*** Opening Information shown ***
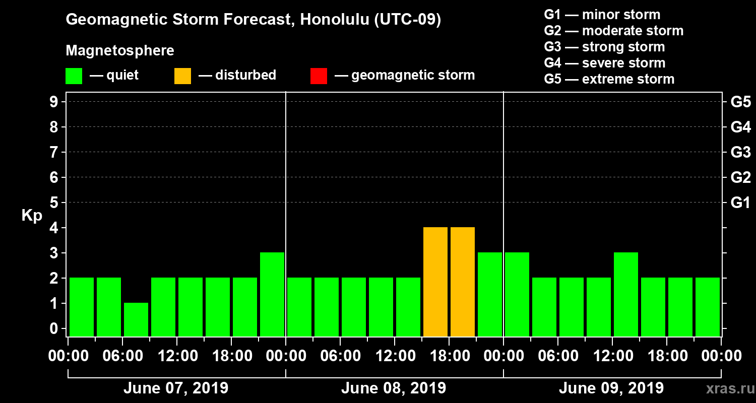 Geomagnetic storm forecast in Honolulu for Jun 07, 2019
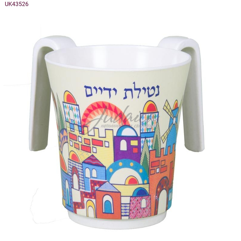 Красочный традиционный нателатник с изображением Иерусалима. Отличный вариант для выполнения «Нетилат Ядаим».
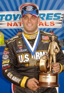 With his accomplishments in '05, Schumacher is being considered for a handful of post-season awards. Having been named a first team All-America by the American Auto Racing Writers & Broadcasters Association, he's also up for that organization's prestigious Jerry Titus Award. In addition, he's also a nominee for Speed Channel's Fourth Quarter Driver of the Year as well as the Eastern Motorsports Press Association's Al Holbert Memorial Driver of the Year Award. "If I should be lucky enough to win one of those awards, I'll present it to the team because they deserve the recognition," said Schumacher. "Without them, I'm not in the position that I'm in today." So, with 2006 on the horizon, can Schumacher become only the second Top Fuel driver in NHRA history to win three consecutive world titles? "I will guarantee you, the U.S. Army team will be gunning for that," he added. "We'll be going 150 percent by the time we get to Pomona, Calif. in February."
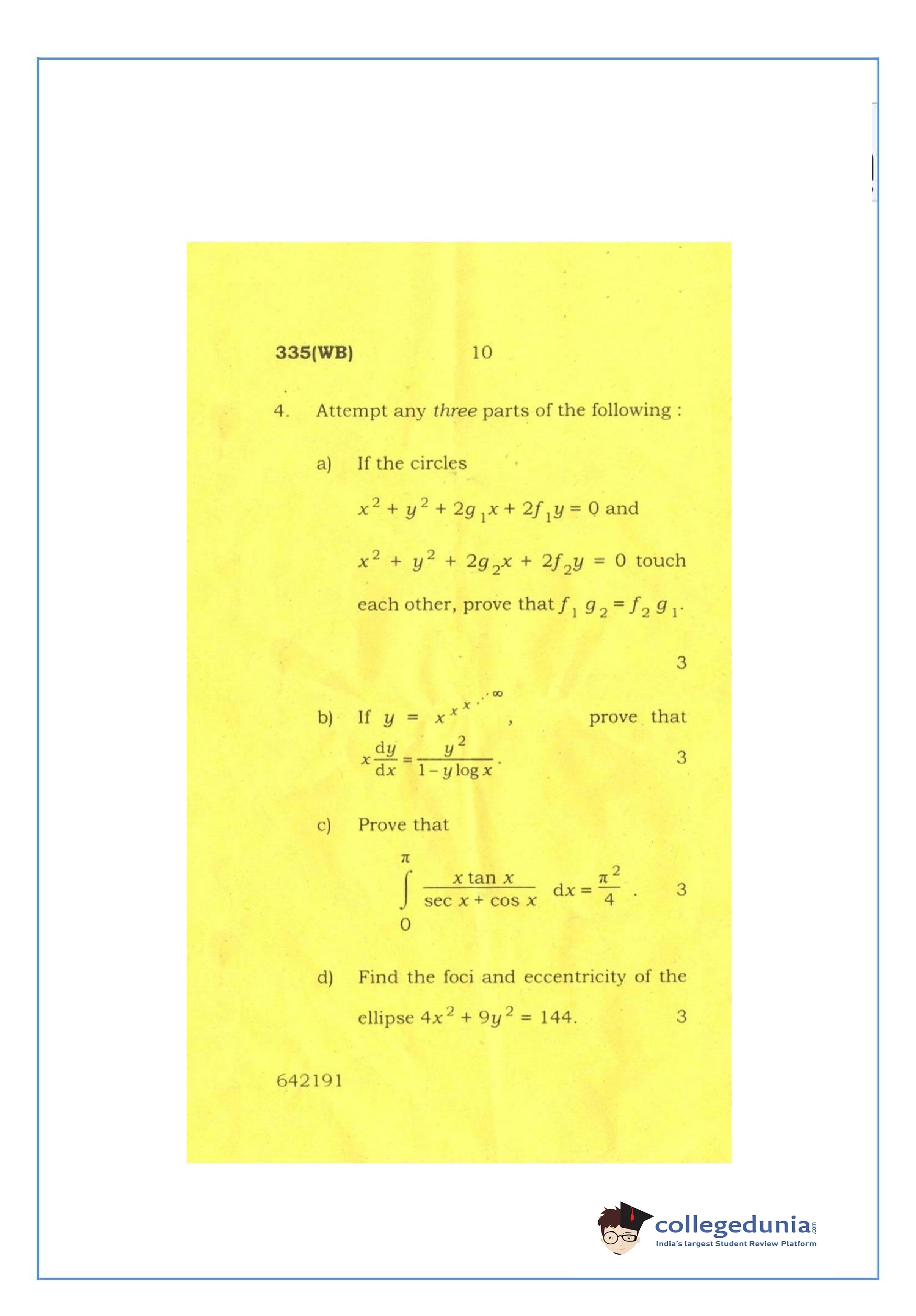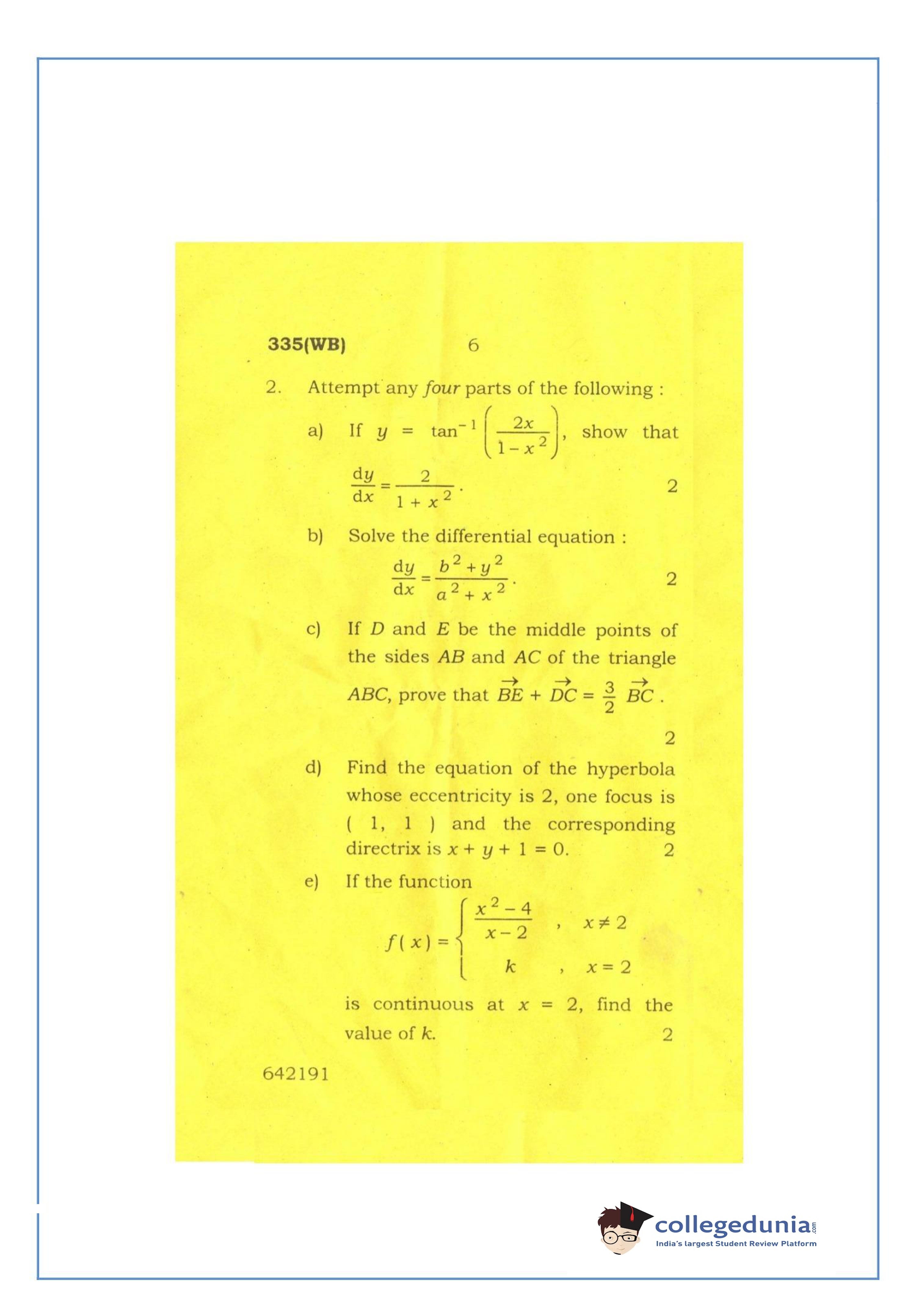 UP Board Class 12 Mathematics-2 Code 335(WB) Question Paper 2016 with Answer Key (March 12)
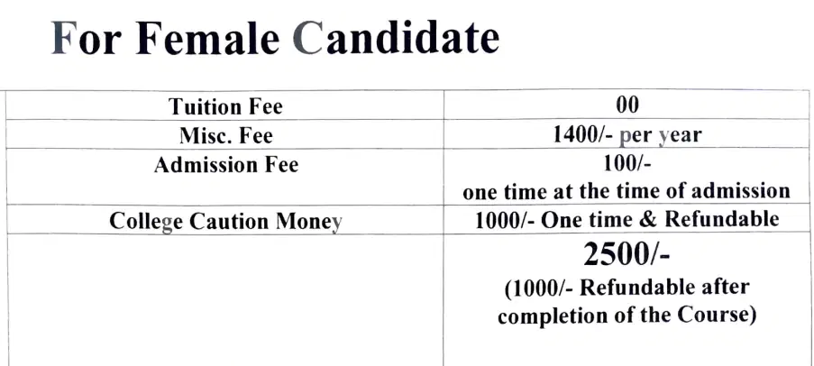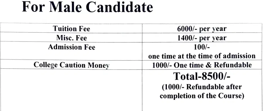 The faculty-to-student ratio ranges from 1:10 to 1:15, and attendance of 75% is required, demanding 250 lectures annually. The college's fee structure is affordable, with annual tuition of Rs. 7,500 to Rs. 8,500 for general candidates, lower for girls and reserved categories. Hostel fees are Rs. 400 per month, mess charges Rs. 3,000 per month, and exam charges about Rs. 3,000. Admission fees are Rs. 8,500. The college does not offer scholarships but reserved category students can benefit from state-funded programs like e-Kalyan, offering approximately Rs 24,000 per session.
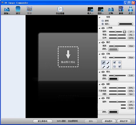 創(chuàng)建三維效果的圖像比如3D角度、三維彎曲、反射、微光、投影、彎道和縐褶等。支持BMP、JPG、GIF、PNG、TIFF和PSD圖像格式。
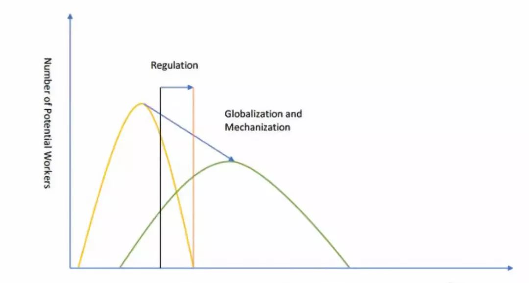 因此,在缺乏补贴政策的发达经济体,工人们被迫选择低工资或者暂时失业。与此同时,自动化侵蚀了廉价劳动力市场的吸引力,导致非洲或南亚的制造业就业没能被建立起来。
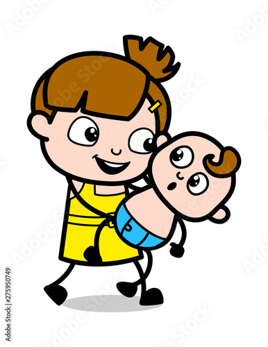 Holding a Baby and Playing - Cute Girl Cartoon Character Vector Illustration
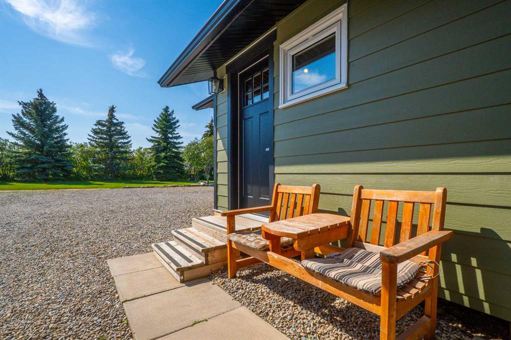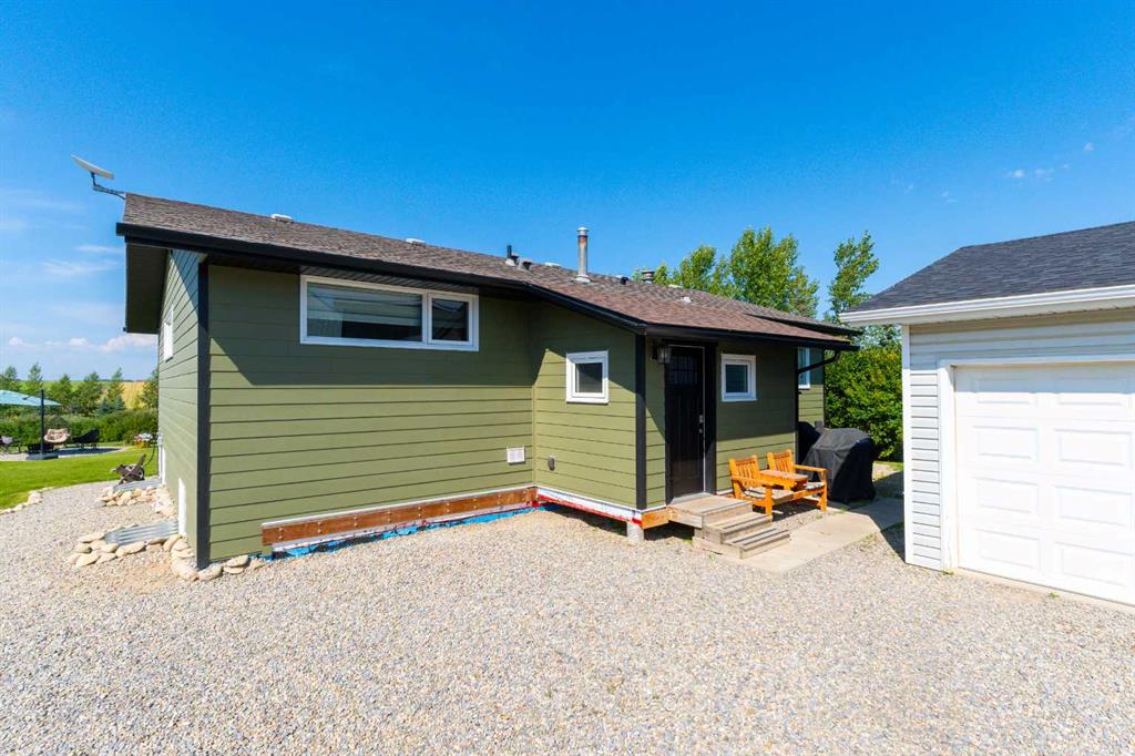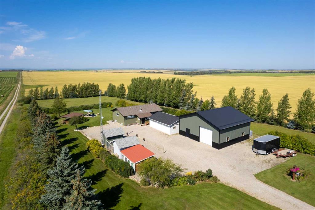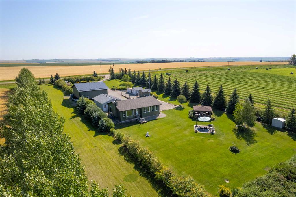 Discover this stunning acreage west of Carstairs/Crossfield with breathtaking MOUNTAIN VIEWS, where modern updates meet timeless charm. Built in 1961 and thoughtfully relocated onto a brand-new ICF foundation in 2021, this property boasts a bright, inviting interior filled with NATURAL LIGHT—highlighted by a modern white kitchen with ample counter space and an EAT-UP BAR, a spacious living room with a cozy electric fireplace and large windows(new windows) framing the scenic views, and a dining area with a patio door. The main floor has been BEAUTIFULLY RENOVATED, including a fresh bathroom with a double shower and tub in 2025, and offers two sizable bedrooms one with numerous windows & one with extra closet space, along with a versatile OFFICE/HOBBY ROOM. Downstairs, you\'ll find 9-foot ceilings, IN-FLOOR HEAT, a fun 3-piece bathroom, and laundry area, all designed for comfort. Outside, enjoy newer HARDIE BOARD SIDING, a new roof on the insulated and HEATED DETACHED TRIPLE GARAGE, a large 36x40 SHOP with a gravel floor, and a meticulously MANICURED YARD featuring MATURE TREE SHELTERBELTS, vibrant perennial beds, a GAZEBO, and a backup generator. This property combines spacious, modern living with exceptional curb appeal, one of the best mountain views and privacy—truly one of the nicest yards in the area & great location with easy access to Cochrane/Calgary/Hwy 2. ** Check out the Virtual tour link of this stunning property **
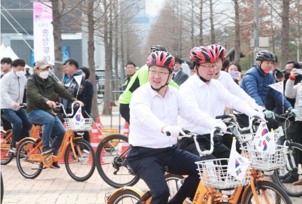 이장우 시장은 “3.1절을 맞아 오랜만에 마스크를 벗고 시민들과 만나게 되어 기쁘다”면서, “자전거는 친환경 교통수단 분담률 높이는 교통수단”이라고 말하며, “ 자전거 기반시설 확충 및 자전거 이용문화 조성을 위해 투자를 확대하겠다”고 밝혔다.
*** Closing Information shown ***
Required action: Print exactly, with no pictures, the lines above from the one that holds "創(chuàng)建三維效果" through the one that holds "Holding a Baby", both of them included.

Answer space:
 創(chuàng)建三維效果的圖像比如3D角度、三維彎曲、反射、微光、投影、彎道和縐褶等。支持BMP、JPG、GIF、PNG、TIFF和PSD圖像格式。
 因此,在缺乏补贴政策的发达经济体,工人们被迫选择低工资或者暂时失业。与此同时,自动化侵蚀了廉价劳动力市场的吸引力,导致非洲或南亚的制造业就业没能被建立起来。
 Holding a Baby and Playing - Cute Girl Cartoon Character Vector Illustration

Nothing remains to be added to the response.